#### Data extracts
☆ ☆ ☆ ☆ ☆

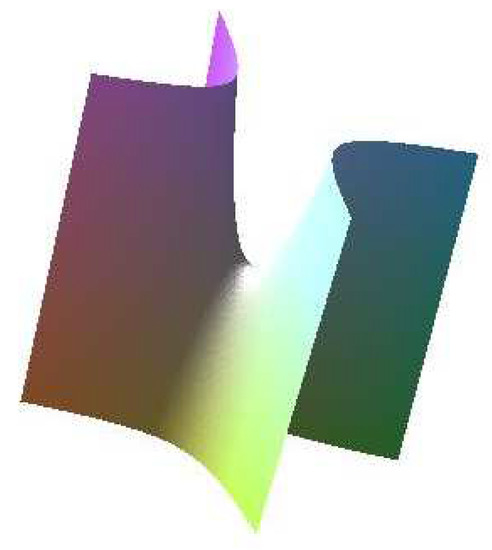Now, we consider a self-intersecting quasi-algebraic surface , where (see Figure 9). Since the surface is not a complete algebraic surface in the true sense, some parts of the surface are singular regions, which may not converge for Algorithm 4, but for non-singular regions, Algorithm 4 can still converge. In the specified region, we arbitrarily choose two different 3D test points. The implementation requirements and environment are exactly the same as those of Examples 1 and 2. The corresponding orthogonal projection point for each test point was computed using Algorithm 4. The concrete computed values are displayed in Table 3, and the digital values of the orthogonal projective point we present are abbreviated. From Table 3, the probability of convergence using Algorithm 4 with these test points is high, which is detected to be a sign of robustness and efficiency.
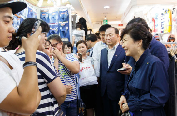 ¹Ú±ÙÇý ´ëÅë·ÉÀº 6¿ù 14ÀÏ ¿ÀÈÄ ¸Þ¸£½º »çÅÂ·Î ÇØ¿Ü°ü±¤°´ ±Þ°¨, ±¹³»¼Òºñ À§Ãà µîÀ¸·Î Å« ¾î·Á¿òÀ» °Þ°í ÀÖ´Â ¡®µ¿´ë¹® »óÁ¡°¡¡¯¸¦ ¹æ¹®ÇØ »óÀεéÀ» À§·ÎÇÏ°í ¹Î»ýÇöÀåÀ» µÑ·¯º¸¾Ò´Ù.
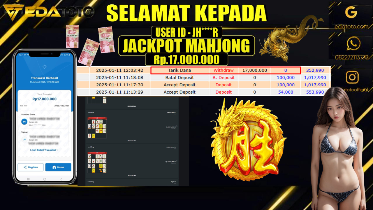 Selamat Kepada Pemilik user ID : OKL**L Hari/Tanggal : KAMIS / 09 JANUARY 2025 Jackpot : Rp. 10.000.000 JT Permainan . . .
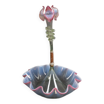 Glass ashtray with a central palm tree shape and a circular base.
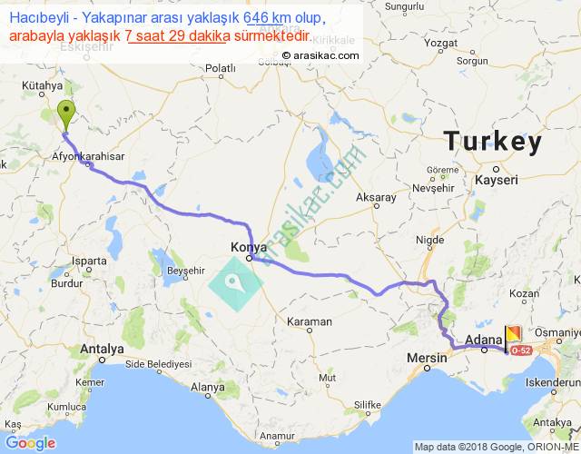 Hacıbeyli - Yakapınar arası yaklaşık olarak 90 km/h ile yukarıda belirtilen sürede olup, iki yerin kuş uçuşu uzaklığı (mesafesi) 519'dir. Eğer belirtilen yerler arasında uçak seferi var ise bu süre uçakla 47 dakika'ya kadar düşebilir. Yolculuk otobüsle 9 saat 43 dakika sürmektedir.
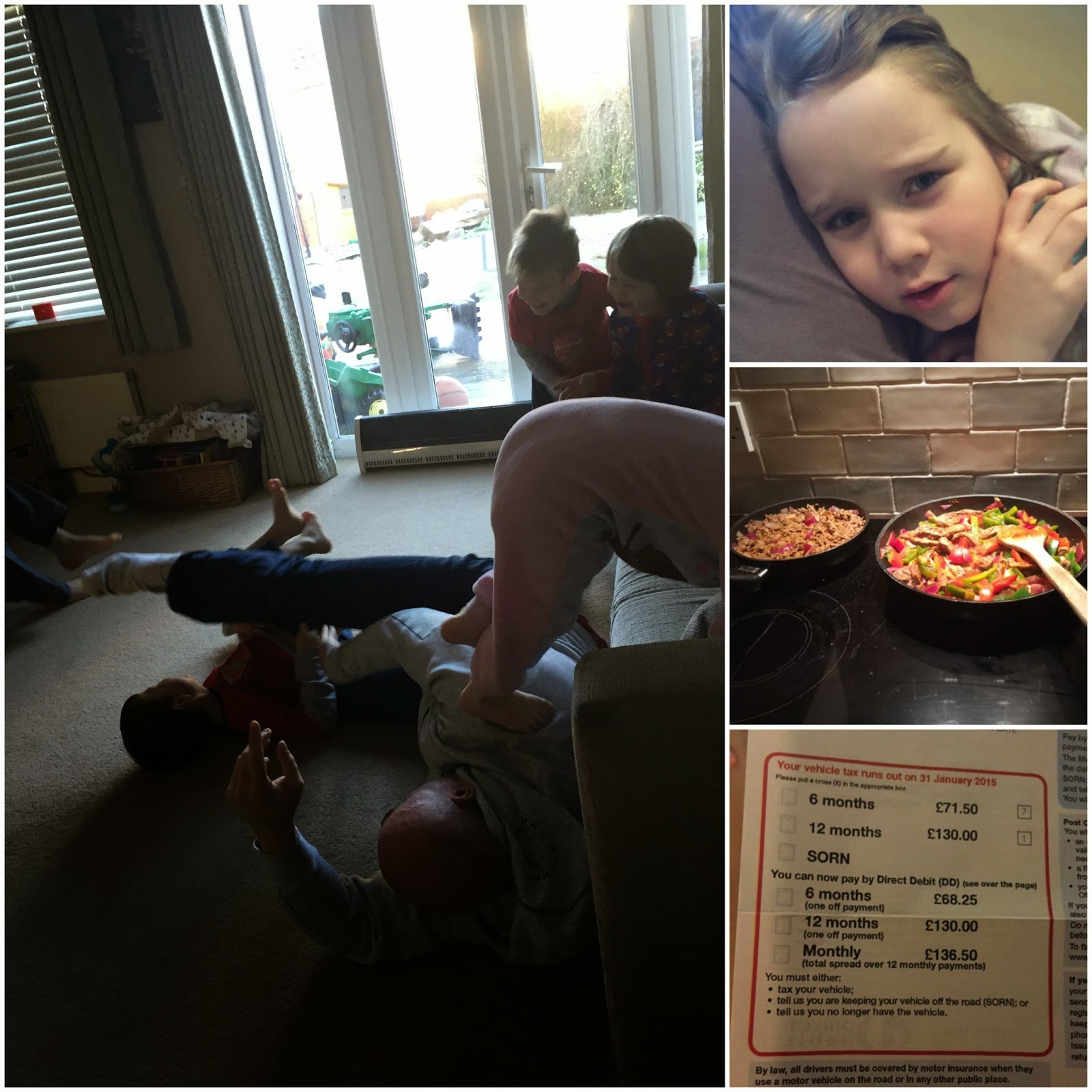 Sunday we had some morning craziness with the kids and my nephews jumping, rolling and bundling on hubby. That was a loud half an hour full of laughter and screams of excitement. Liam's football match was called off due to the frozen pitch.

☆ ☆ ☆ ☆ ☆

#### Problem description
In the entries above, find the line containing "Selamat Kepada Pemilik" and the line containing "Glass ashtray with"; give again exactly those two lines and every line between them, minus the pictures.

#### Response box
 Selamat Kepada Pemilik user ID : OKL**L Hari/Tanggal : KAMIS / 09 JANUARY 2025 Jackpot : Rp. 10.000.000 JT Permainan . . .
 Glass ashtray with a central palm tree shape and a circular base.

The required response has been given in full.